*PROBLEM TO WORK ON*.
Your job is to retype all of the data word for word, leaving every image out.

*EXERCISE INPUT*.
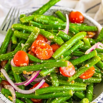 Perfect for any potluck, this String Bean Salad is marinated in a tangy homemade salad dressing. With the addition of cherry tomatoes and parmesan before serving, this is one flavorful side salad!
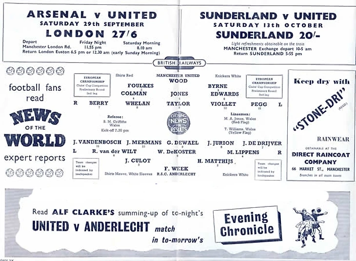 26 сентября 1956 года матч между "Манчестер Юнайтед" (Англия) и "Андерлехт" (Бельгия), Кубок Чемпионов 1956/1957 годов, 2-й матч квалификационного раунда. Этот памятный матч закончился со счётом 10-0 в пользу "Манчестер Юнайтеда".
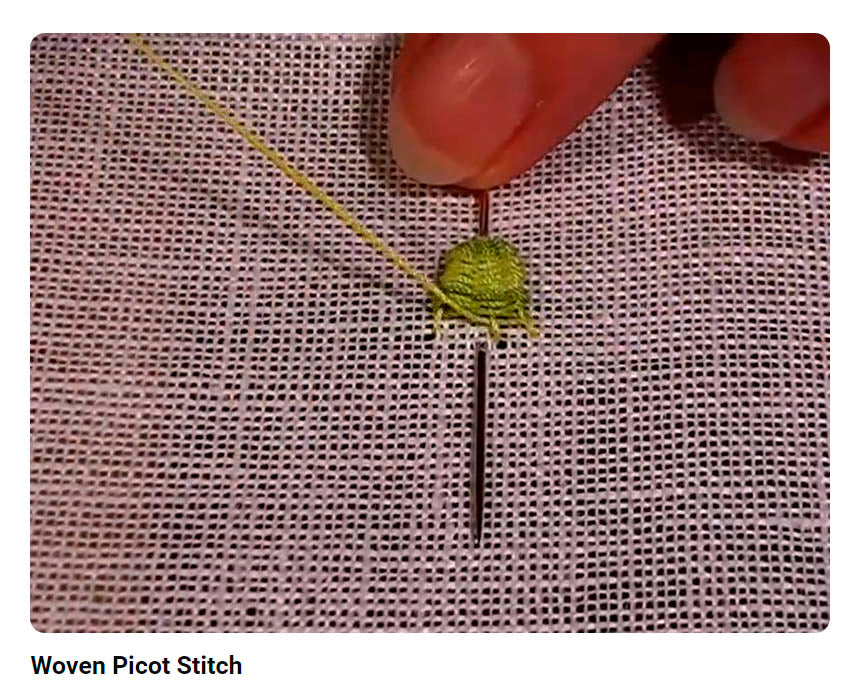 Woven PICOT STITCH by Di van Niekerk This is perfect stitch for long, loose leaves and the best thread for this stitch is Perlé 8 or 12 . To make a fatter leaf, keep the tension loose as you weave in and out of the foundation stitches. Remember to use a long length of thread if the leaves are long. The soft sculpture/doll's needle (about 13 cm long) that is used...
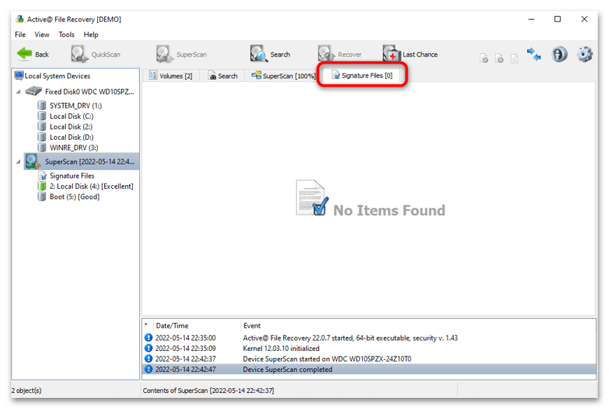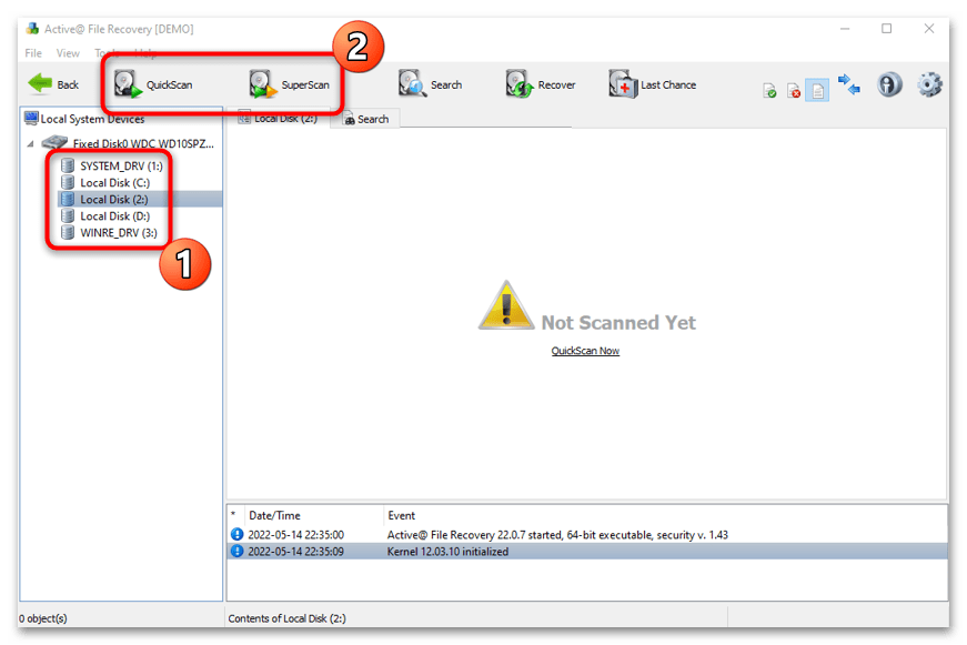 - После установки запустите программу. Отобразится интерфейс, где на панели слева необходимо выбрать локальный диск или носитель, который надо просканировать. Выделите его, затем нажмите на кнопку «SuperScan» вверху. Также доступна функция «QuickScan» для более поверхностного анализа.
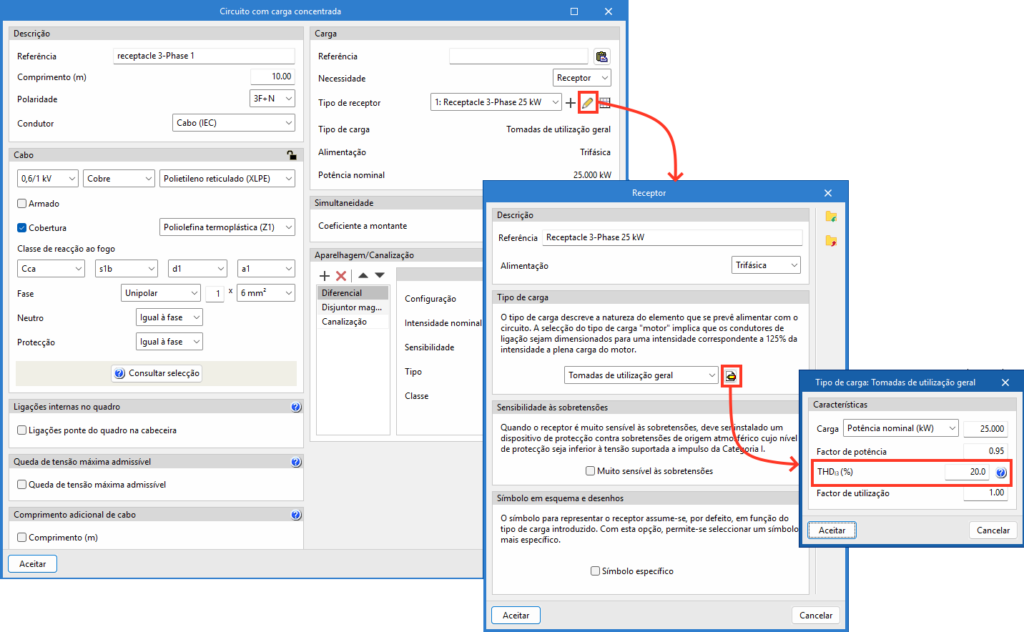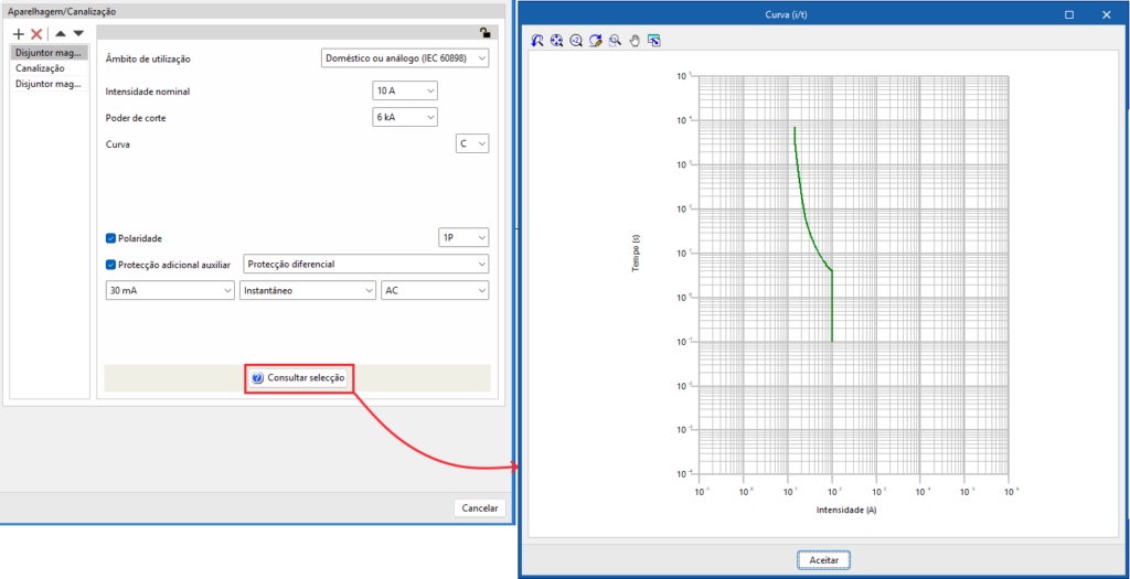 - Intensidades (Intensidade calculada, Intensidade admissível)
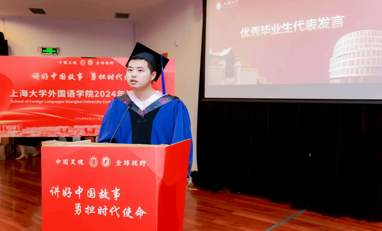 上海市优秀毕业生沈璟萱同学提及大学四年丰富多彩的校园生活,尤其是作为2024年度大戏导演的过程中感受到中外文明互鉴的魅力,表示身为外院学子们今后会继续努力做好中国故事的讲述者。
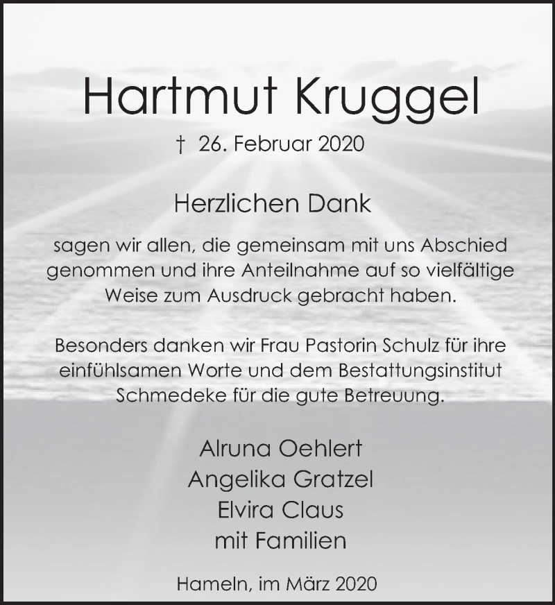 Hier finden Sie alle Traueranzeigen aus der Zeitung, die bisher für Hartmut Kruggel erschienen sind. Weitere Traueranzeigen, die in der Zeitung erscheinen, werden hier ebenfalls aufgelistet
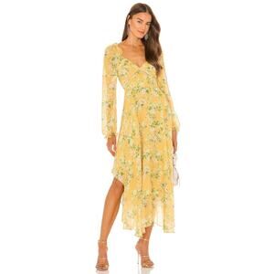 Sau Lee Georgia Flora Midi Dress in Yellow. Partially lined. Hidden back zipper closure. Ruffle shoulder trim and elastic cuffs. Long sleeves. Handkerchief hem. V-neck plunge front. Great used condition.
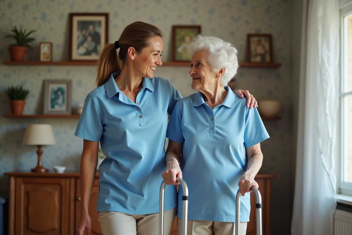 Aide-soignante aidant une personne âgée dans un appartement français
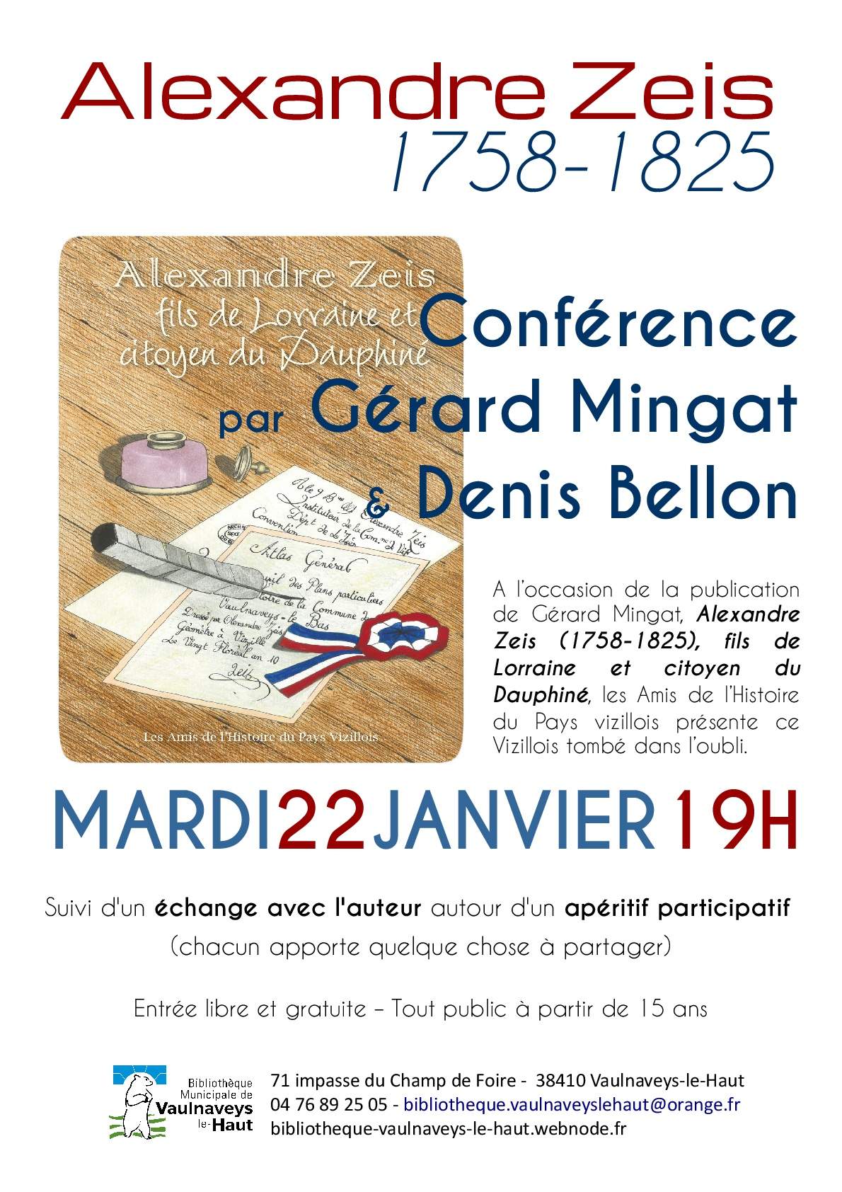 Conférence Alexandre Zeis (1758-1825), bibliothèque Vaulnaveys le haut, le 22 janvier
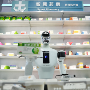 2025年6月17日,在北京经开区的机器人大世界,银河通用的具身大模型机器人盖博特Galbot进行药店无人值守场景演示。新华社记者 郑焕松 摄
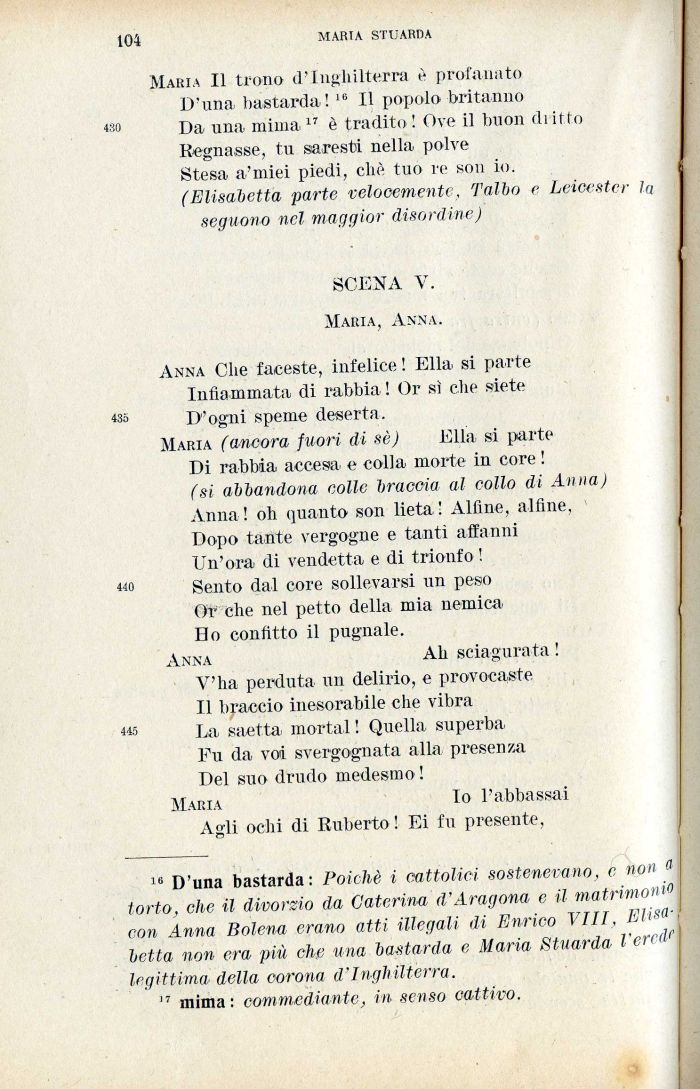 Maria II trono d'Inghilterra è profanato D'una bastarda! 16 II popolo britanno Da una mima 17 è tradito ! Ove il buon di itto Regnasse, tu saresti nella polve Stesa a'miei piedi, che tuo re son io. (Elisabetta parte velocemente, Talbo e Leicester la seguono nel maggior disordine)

*ANSWER SPACE*.
 Perfect for any potluck, this String Bean Salad is marinated in a tangy homemade salad dressing. With the addition of cherry tomatoes and parmesan before serving, this is one flavorful side salad!
 26 сентября 1956 года матч между "Манчестер Юнайтед" (Англия) и "Андерлехт" (Бельгия), Кубок Чемпионов 1956/1957 годов, 2-й матч квалификационного раунда. Этот памятный матч закончился со счётом 10-0 в пользу "Манчестер Юнайтеда".
 Woven PICOT STITCH by Di van Niekerk This is perfect stitch for long, loose leaves and the best thread for this stitch is Perlé 8 or 12 . To make a fatter leaf, keep the tension loose as you weave in and out of the foundation stitches. Remember to use a long length of thread if the leaves are long. The soft sculpture/doll's needle (about 13 cm long) that is used...
 - После установки запустите программу. Отобразится интерфейс, где на панели слева необходимо выбрать локальный диск или носитель, который надо просканировать. Выделите его, затем нажмите на кнопку «SuperScan» вверху. Также доступна функция «QuickScan» для более поверхностного анализа.
 - Intensidades (Intensidade calculada, Intensidade admissível)
 上海市优秀毕业生沈璟萱同学提及大学四年丰富多彩的校园生活,尤其是作为2024年度大戏导演的过程中感受到中外文明互鉴的魅力,表示身为外院学子们今后会继续努力做好中国故事的讲述者。
 Hier finden Sie alle Traueranzeigen aus der Zeitung, die bisher für Hartmut Kruggel erschienen sind. Weitere Traueranzeigen, die in der Zeitung erscheinen, werden hier ebenfalls aufgelistet
 Sau Lee Georgia Flora Midi Dress in Yellow. Partially lined. Hidden back zipper closure. Ruffle shoulder trim and elastic cuffs. Long sleeves. Handkerchief hem. V-neck plunge front. Great used condition.
 Aide-soignante aidant une personne âgée dans un appartement français
 Conférence Alexandre Zeis (1758-1825), bibliothèque Vaulnaveys le haut, le 22 janvier
 2025年6月17日,在北京经开区的机器人大世界,银河通用的具身大模型机器人盖博特Galbot进行药店无人值守场景演示。新华社记者 郑焕松 摄
 Maria II trono d'Inghilterra è profanato D'una bastarda! 16 II popolo britanno Da una mima 17 è tradito ! Ove il buon di itto Regnasse, tu saresti nella polve Stesa a'miei piedi, che tuo re son io. (Elisabetta parte velocemente, Talbo e Leicester la seguono nel maggior disordine)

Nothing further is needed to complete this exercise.